Papa répéta lentement, tout doucement : « Rien qu’une fois. »

Il sortit alors sa main de derrière son dos. Seulement, ce n’était pas un œuf qu’il tenait caché, mais tout un panier. Un panier rempli d’un bouchon de paille – sûrement la litière de la Reine sanglante –, amalgame de paille broyée durci par de l’œuf séché et des bris de coquilles, souillé des restes déchiquetés de trois ou quatre poussins.

« T’avais b’soin d’ramener ça à la maison juste avant le p’tit déjeuner, Horace ? protesta maman.

— J’sais pas c’qui me met le plus en colère, dit Horace : ses bêtises ou ses manigances pour nous mentir.

— J’ai pas manigancé et j’ai pas menti ! » cria la petite Peggy. Du moins avait-elle eu l’intention de crier. Ce qui lui sortit de la gorge tenait davantage du sanglot, malgré sa décision prise la veille de ne plus jamais pleurer jusqu’à la fin de ses jours.

« Tu vois ? fit maman. La v’là déjà l’cœur sus les lèvres.

— La v’là l’cœur sus les lèvres d’avoir été prise en faute, répliqua Horace. T’es trop coulante avec elle, Peg. Elle a la menterie dans l’sang. J’veux pas que ma fille tourne mal. J’aimerais mieux la savoir morte comme ses p’tites sœurs plutôt que d’la voir mal tourner. »

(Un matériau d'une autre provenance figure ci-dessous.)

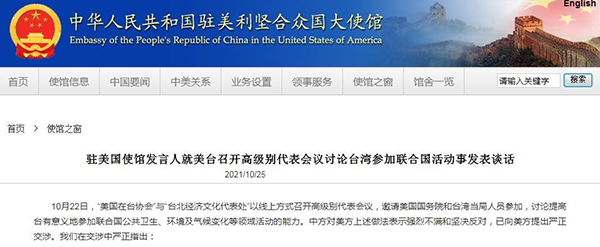 10月25日,中国驻美国使馆发言人就美台召开高级别代表会议讨论台湾参加联合国活动一事表示强烈不满和坚决反对,已向美方提出严正交涉。 中方在交涉中严正指... |

Peggy vit la flamme de vie de maman attisée par le souvenir et, devant ses yeux, lui apparut un joli bébé, couché dans une petite boîte, puis un autre, moins joli celui-là car c’était la petite sœur Missy, morte de la vérole et que personne ne voulait toucher sauf sa maman, elle-même si affaiblie par la maladie qu’elle ne pouvait être d’un grand secours. Peggy voyait la scène et elle savait que papa n’aurait pas dû dire des choses pareilles, parce qu’une expression glaciale avait envahi le visage de maman, malgré toute la chaleur de sa flamme de vie.

« On n’a jamais rien dit d’aussi méchant devant moi », lança maman. Puis elle se saisit du panier répugnant posé sur la table et l’emporta dehors.

« Mary, elle me pique la main avec son bec, dit Peggy.

— Ç’a pas fini de t’piquer, tu vas voir, fit papa. Pour avoir manqué d’ramasser les œufs, tu mérites un coup de badine, un seul, parce que j’comprends que c’te poule mal lunée flanque la frousse à un p’tit bout d’chou comme toi. Mais pour avoir fait des accroires, j’m’en vais t’en donner dix. »

À ces mots, Peggy se mit à pleurer pour de bon. Quand il s’agissait de donner, papa ne chipotait pas, il faisait toujours bonne mesure, particulièrement en matière de corrections.

Il prit la badine de noisetier sur l’étagère du haut. Il la rangeait là depuis que la petite Peggy avait jeté l’ancienne au feu.